Miss A Columnist

Daniela Medina is a graduate of Kennesaw State University. After earning a Bachelor’s of Science in Communication and a Marketing minor, Daniela works in the non-profit sector. On her days off, Daniela enjoys writing, catching the latest movie releases, scenic drives in North Georgia and reading on her Kindle.

Review of Diary of a Mad Fat Girl Including Q&A With Author Stephanie McAcfee

Independent, witty and headstrong Graciela ‘Ace’ Jones is the main character in Stephanie McAcfee’s book Diary of a Mad Fat Girl. “Ace isn’t based on anyone I know,” McAfee stated when I spoke with her, “but rather everyone I know in that she says and does crazy, outlandish things that a lot of people can relate to on a personal level.” The former Spanish teacher and current stay-at-home- mom explained the book developed one character at a time.

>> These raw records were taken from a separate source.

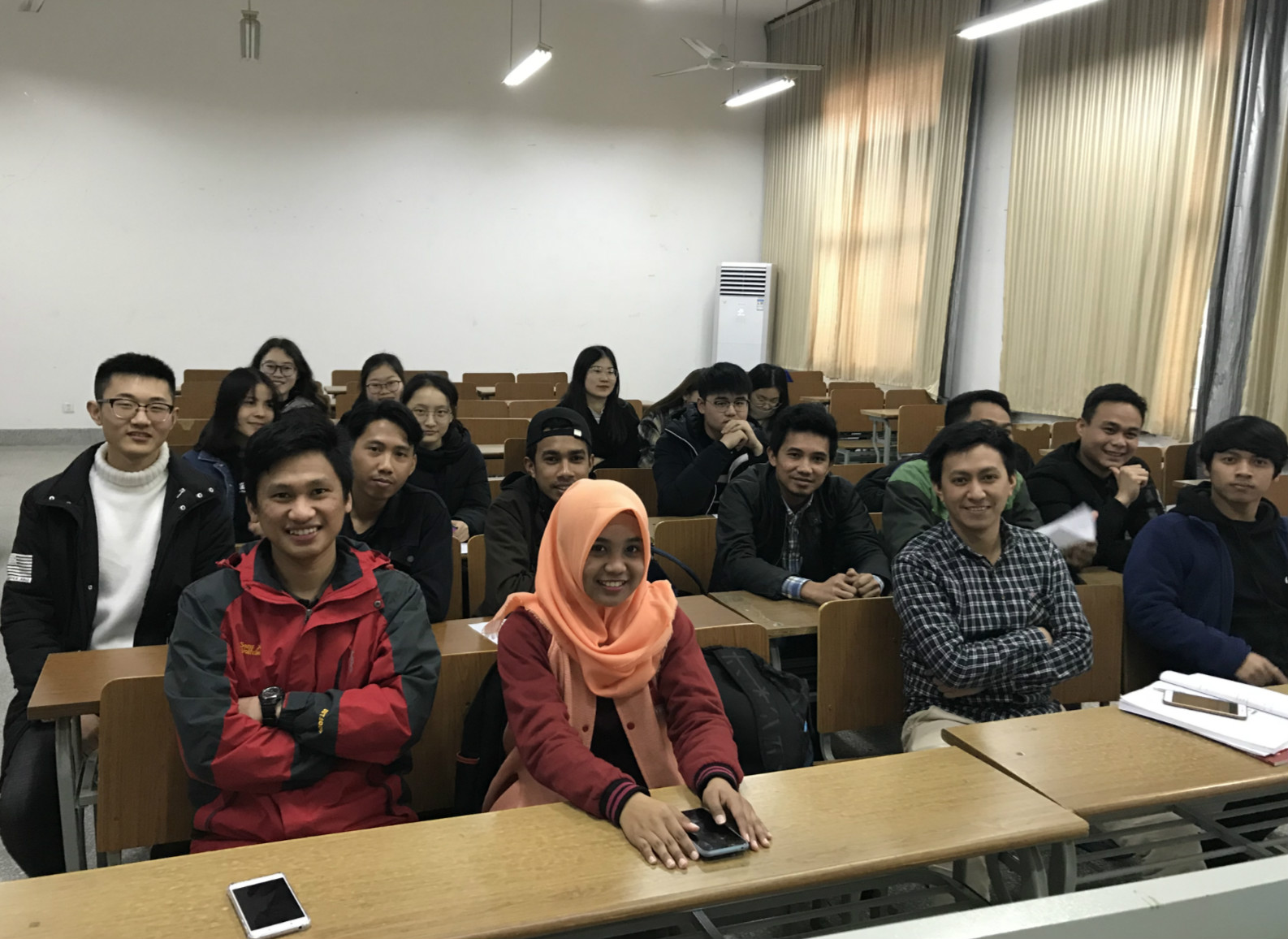 活动共分为三个环节。第一环节由贾程介绍雷锋的生平与事迹。第二环节由印尼员工代表和中国员工代表共同朗诵《致雷锋——原来你一直在这里》,从中使印尼员工了解到雷锋同志乐于助人,珍惜时间,善于钻研的优秀品质。第三环节是语言文化交流。首先由中国员工教印尼员工用中文读诗句,并赏析诗句内涵,使其更加深切地感受到雷锋同志强烈的集体意识和爱国情怀。接着韩国员工和印尼员工各自用他们国家的语言教中国员工读诗句,大家互相交流各自的语言文化。活动结束之际,同学们在孔子像下共同合影留念。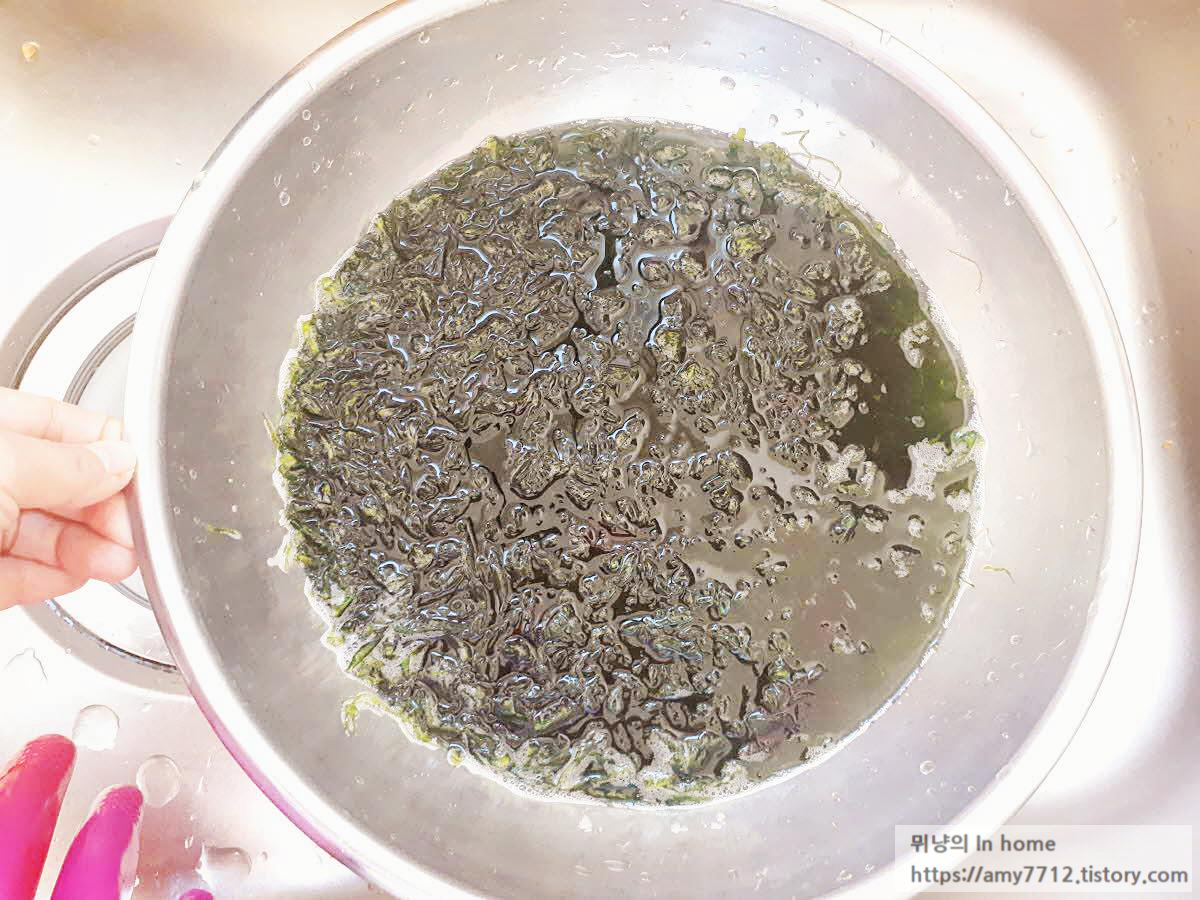 주먹 크기 정도의 파래 뭉치 2개를 물에 풀었어요.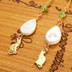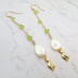 14KGF シンプルで可愛い猫シルエットモチーフのロングチェーンピアス ペリドット 淡水パール ティアドロップ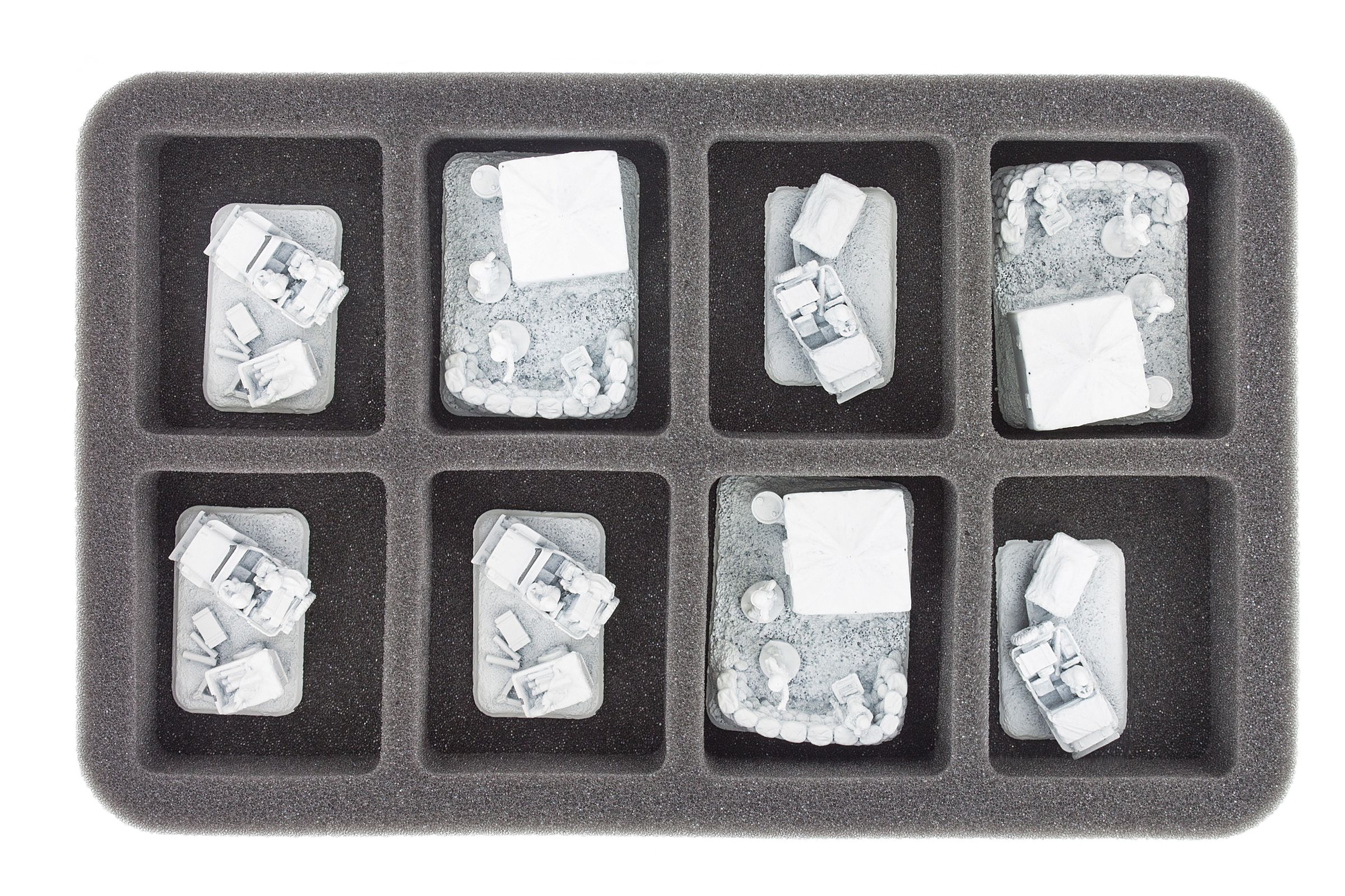 Taca do pianki Feldherr posiada 8 przegródek tej samej wielkości do przejrzystego i bezpiecznego przechowywania miniatur do gier wojennych w skali 1:100 (15 mm). Taca idealnie nadaje się więc do przechowywania miniatur np. gier "Flames of War" lub "Dropzone Commander".

The book opens up as Ace excitedly packs for a spring break trip with her best friend and coworker Lilly Lane. When Lilly suddenly cancels plans the night before they were scheduled to leave, Ace suspects her friend is choosing to spend time with her new boyfriend instead of her. After spending a lonely week angry with her friend and reminiscing about her ex-boyfriend, Ace heads back to her job as an art teacher at the local school Monday morning to learn Lilly has been unexpectedly fired by the principal, Catherine Hilliard. Aside from dealing with Lilly’s termination and the public scandal it creates in their small Mississippi town, their friend Chloe is nearly beaten to death by her husband. Chloe is blinded by love and refuses to leave her husband. Ace and Lilly put their problems aside and team up to give Chloe a reason to leave him. The women uncover many town secrets along the way. Characters such as Ace’s past lover, Mason, and the town’s gossip know-it-all, Gloria Peacock, join the girls’ journey as helpful aids.

Stephanie McAfee

Although the book deals with many deep issues, McAcfee kept the book lighthearted with pop culture references and sarcasm. She also had me laughing out loud at the awkward and embarrassing situations Ace would find herself in. I highly recommend this book as a fun and girly summer read. Every lady will want to find adventure with their closest girlfriends after reading this book. “I’ve gotten a lot [of] feedback from readers who say things like, “This could me and my girlfriends,” and that always makes my day because I wanted her to be relatable to normal women with normal lives,” said McAcfee.

Diary of a Mad Fat Girl is currently only available in e-Book format, a print and extended version is set to be released Feb. 7, 2012.